I punti principali in sintesi sono:

● Attività di recupero: sono parte integrante del lavoro scolastico, sono programmate dai consigli di classe.
● Tempi e modalità: le attività si realizzano durante tutto l’anno e le scuole hanno l’obbligo di attivare corsi di recupero individuando
le materie in cui gli studenti sono più carenti. Gli studenti sono tenuti alla frequenza a meno che le famiglie intendano non avvalersene e in questo caso dovranno comunicarlo
formalmente e per iscritto alla scuola.
Sia che ci si avvalga o no dei corsi gli studenti hanno l’obbligo di sottoporsi alle verifiche organizzate dal Consiglio di classe che mantiene comunque la titolarità del processo
valutativo: individuare carenze, obiettivi di recupero e certificazione del superamento. Al termine delle attività si effettueranno, dunque, le verifiche e le famiglie verranno avvisate
dei risultati.
● Per chi volesse optare per lo “studio individuale” è prevista l’attivazione di uno “sportello” di consulenza e assistenza che verrà
affidato a uno o più docenti: toccherà al consiglio di classe individuare gli insegnanti e le modalità.

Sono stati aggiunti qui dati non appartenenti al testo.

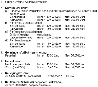Im weiteren Verlauf der Sitzung wurde die Anpassung der Benutzungsgebühren für das Dorfgemeinschaftshaus einstimmig wie folgt beschlossen: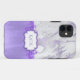 Chic iPhone case done in a white and purple marbled look, across the top and a purple foil look, across the bottom of the case. A white with purple glittery framed text area, has purple text ready to personalise, to suit your needs.

● Le scuole potranno scegliere per il recupero anche modalità diverse e più innovative, utilizzando docenti della scuola o anche soggetti
esterni esclusi gli “enti profit”.
● Scrutinio finale: per chi, anche allo scrutinio finale, riportasse insufficienze, il Consiglio di classe valuterà la possibilità di un
ultimo appello e nell’albo dell’istituto verrà riportata l’indicazione “sospensione del giudizio”. Si predisporranno altri corsi e attività da realizzare nel corso
dell’estate.
Le verifiche finali, che si dovranno svolgere entro l’inizio delle lezioni dell’anno scolastico successivo, dovranno tener conto dei risultati conseguiti anche nelle altre fasi del percorso di
recupero.
Il consiglio di classe, quindi, delibera l’integrazione dello Scrutinio finale, sulla base di una valutazione complessiva dello studente, che si risolverà in ammissione o non ammissione
alla classe successiva.
● Le attività di recupero prevedono interventi di durata non inferiore alle 15 ore ciascuno. In aggiunta si potrà utilizzare anche la
quota del 20% del monte ore riservato all’autonomia scolastica.
Risorse: per i corsi di recupero sono stati stanziati, in questa prima fase, 210 milioni di euro. I docenti percepiranno un compenso di 50 euro lordi l’ora come previsto dal contratto.